16. A dosage receptacle for needleless syringe comprising a therapeutically effective amount of a spray-coated powder composition comprising seed particles coated with a pharmaceutical composition, wherein said coated seed particles have an axis ratio of 3 or less, an average size of about 10 to 100 μm, and an envelope density ranging from about 0.1 to about 25 g/cm3.

17. The dosage receptacle of claim 16, wherein said receptacle is selected from the group consisting of capsules, foil pouches, sachets and cassettes.

18. The dosage receptacle of claim 16, wherein said coated seed particles are crystalline particles.

19. The dosage receptacle of claim 16, wherein said coated seed particles have an axis ratio of 2 or less.

20. The dosage receptacle of claim 16, wherein said coated seed particles are selected from the group consisting of lactose, mannitol, trehalose, polysaccharides, starches, and biodegradable polymers.
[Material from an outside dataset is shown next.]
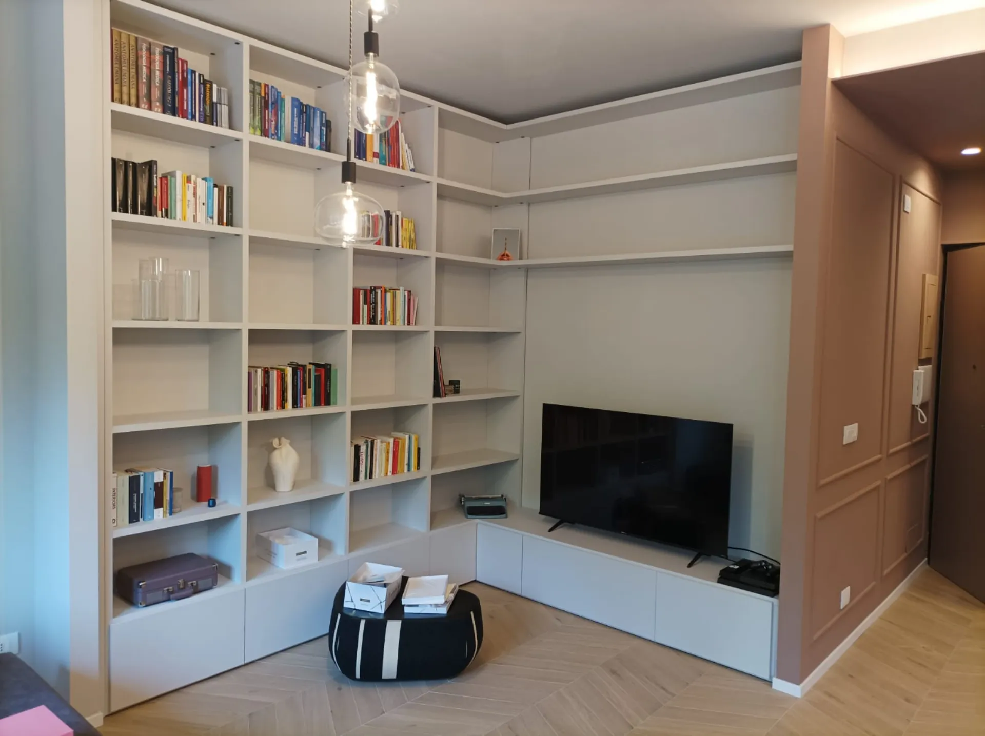 Composizione soggiorno con libreria integrata e pannello a muro retro tv

21. The dosage receptacle of claim 16, wherein said coated seed particles have an average size of about 20 to 70 μm.

22. The dosage receptacle of claim 16, wherein said coated seed particles have an envelope density ranging from about 0.8 to about 1.5 g/cm3.
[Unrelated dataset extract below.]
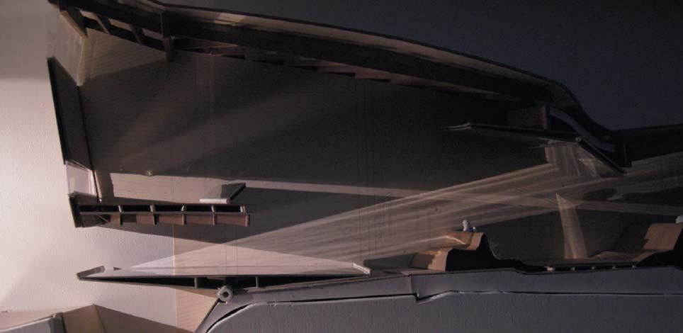 Fig. 6.12 Nadia Wikborg, Y3, Launderette & Sheltered Housing, sectional model and ground floor plan. The building brings the community of Peckham together in a landscape of fragrant lemon trees and freshly aired laundry, inviting the public to interact with the elderly residents through a lemonade cafe as well as a public garden where they can meet and exchange stories. Fig. 6.13 Chris Straessle, Y2, A light intervention on an otherwise empty park. The main part of the building is a black box theatre, where this particular theatre design can be easily adapted to many types of performance requirements. And in response to the landscape, the building also has an open-air theatre. The theatre’s double skin envelope encases pockets of inhabitation where it widens, and folds out onto the parkscape.

23. The dosage receptacle of claim 16, wherein said coated seed particles have a substantially spherical aerodynamic shape.

24. The dosage receptacle of claim 16, wherein said coated seed particles having a substantially uniform, nonporous surface.

25. The dosage receptacle of claim 16, wherein said coated seed particles having a pharmaceutical composition loading of about 1 to 50 wt %.

26. A needleless syringe comprising a therapeutically effective amount of a spray-coated powder composition comprising seed particles coated with a pharmaceutical composition, wherein said coated seed particles have an axis ratio of 3 or less, an average size of about 10 to 100 μm, and an envelope density ranging from about 0.1 to about 25 g/cm3.

27. The needleless syringe of claim 26, wherein said coated seed particles are crystalline particles.

28. The needleless syringe of claim 26, wherein said coated seed particies have an axis ratio of 2 or less.

29. The needleless syringe of claim 26, wherein said coated seed parlicles are selected from the group consisting of lactose, mannitol, trehalose, polysaccharides, starches, and biodegradable polymers.

30. The needleless syringe of claim 26, wherein said coated seed particles have an average size of about 20 to 70 μm.

31. The needleless syringe of claim 26, wherein said coated seed particles have an envelope density ranging from about 0.8 to about 1.5 g/cm3.

32. The needleless syringe of claim 26, wherein said coated seed particles have a substantially spherical aerodynamic shape.

33. The needleless syringe of claim 26, wherein said coated seed particles have a substantially uniform, nonporous surface.

34. The needleless syringe of claim 26, wherein said coated seed particles have a pharmaceutical composition loading of about 1 to 50 wt %.